Кучер-молодой расторопный детина спрыгнул с облучка и принялся выгружать из кареты узлы, сундук.
–А ты чего стоишь синеглазый отрок-переросток? Рот открыл, а не поешь, – сказала юная барышня Никитке, стоящему рядом с рысаками, – таскай узлы в избу.
Никитка улыбнулся, хотел на грубость ответить дерзостью, но раздумал.
«Вот глазастая, с такой ухо надо держать востро, а я и в самом деле, как дурак рот разинул, растяпа».
Никитка пошел к самому большому мочальному кулю, попытался приподнять его одной рукой, но куль, как прилип к земле, пришлось ему обоими руками ухватиться.
–Что вы в куль наложили? Камни что ли?
Огашка с интересом глянула на юного краснощекого богатыря, выглядевшего красной девицей, только косы не хватало, да сарафана. Такого высокого отрока с моложавым лицом она увидела впервые.
–Не донесешь, богатырь, помочь? Книги в куле, целая библиотека. Жалко было в городе оставлять, сюда привезла, может, пригодятся.
–Книги? Вот это да! – сказал Никитка и, легко перекинув куль через плечо, трусцой побежал в избу. А, вернувшись, Никитка ухватился за окованный жестью сундук.
–Сундук всем скопом понесем! – крикнула Огаша, – надорвешься, удалец. Васятка с кучером тебе помогут.

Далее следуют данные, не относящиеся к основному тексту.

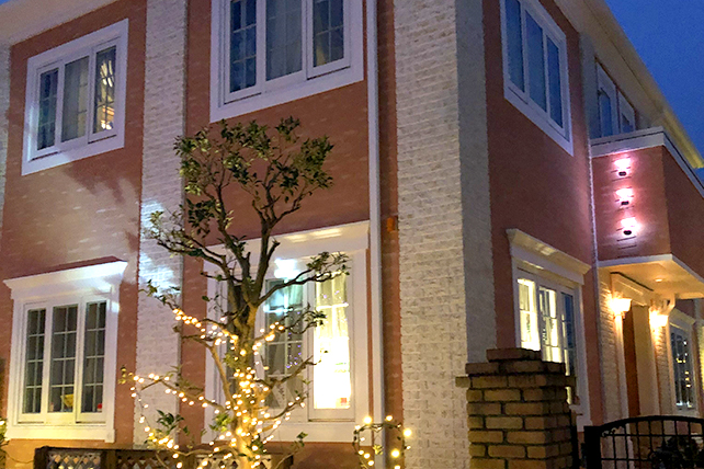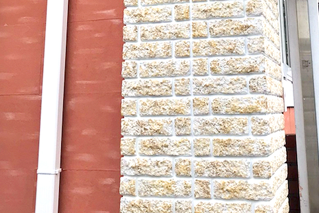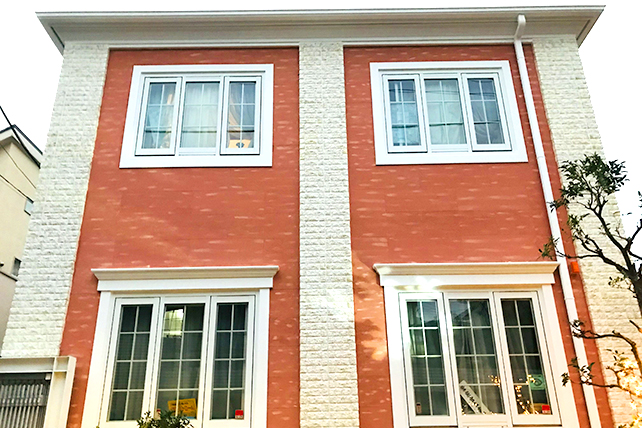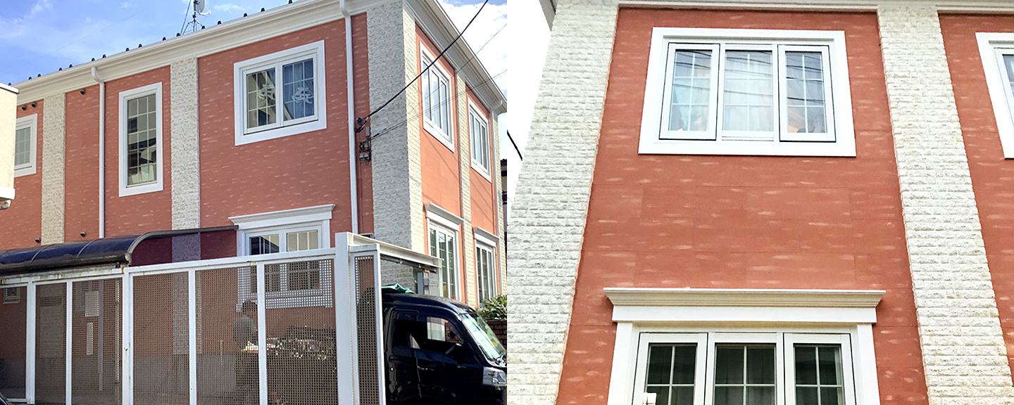 ベネチア風の多色外壁と白目地エイジングタイル調、白色モールディングに仕上げ ALC壁のシール目地があるbeforeから石積、大壁塗りのafterになり上質感のある 外装(建物)に替わりました。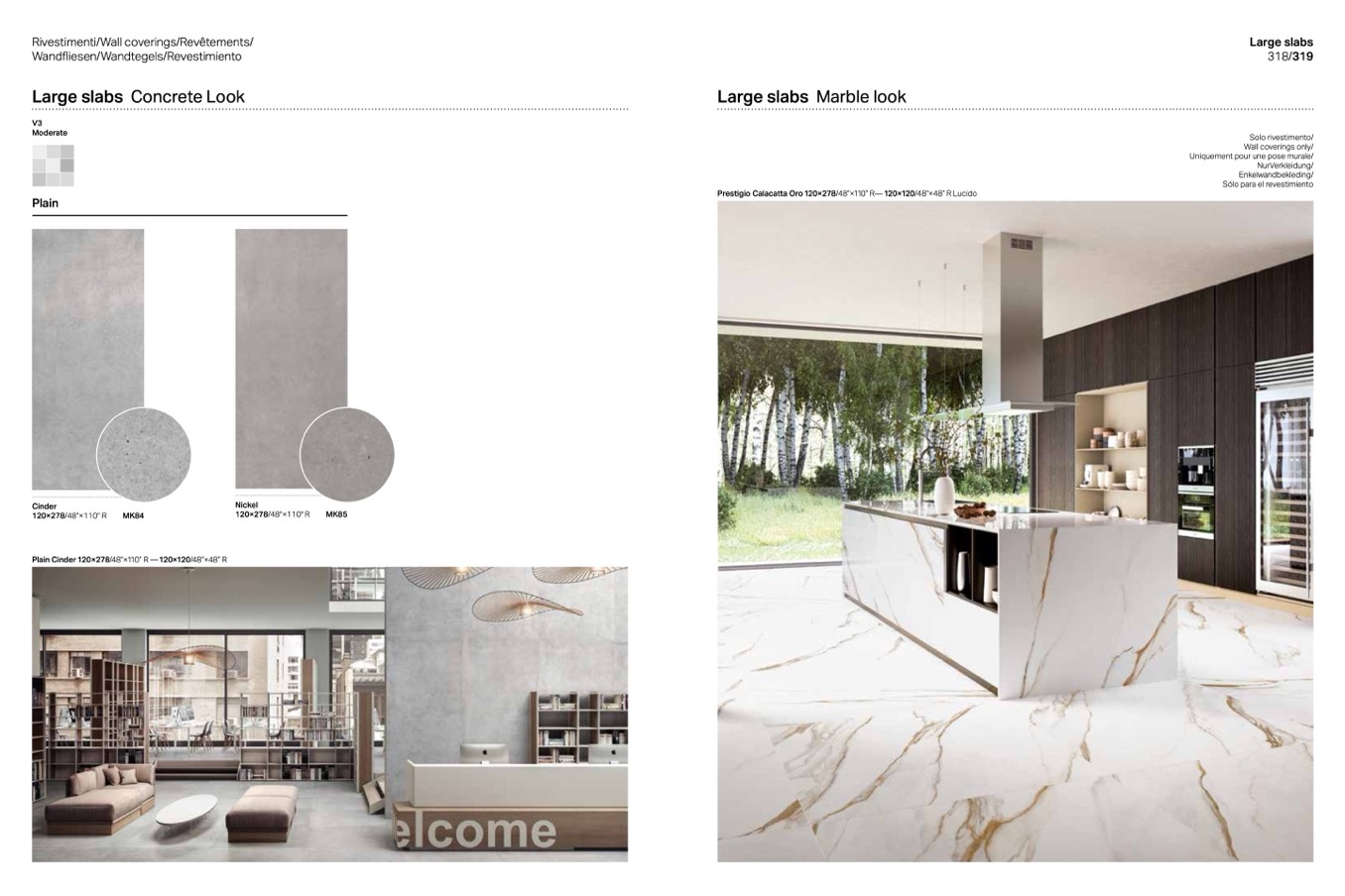 Prestigio Calacatta Oro 120×278/48”×110” R— 120×120/48”×48” R Lucido

–Не впервой. Один донесу, – ответил Никитка и легко понес сундук на вытянутых руках, как будто в нем не было тяжести.
У Огашки-Сироты глаза загорелись, глядя на юного силача. Происходящее для нее было как в цирке.
«Чудо, а не жених».
Оставшись одни, брат с сестрой уселись за стол. Васятка налил в кружку молока и подал гостье.
–Пей, Огаша, козье молоко сытное, пользительное.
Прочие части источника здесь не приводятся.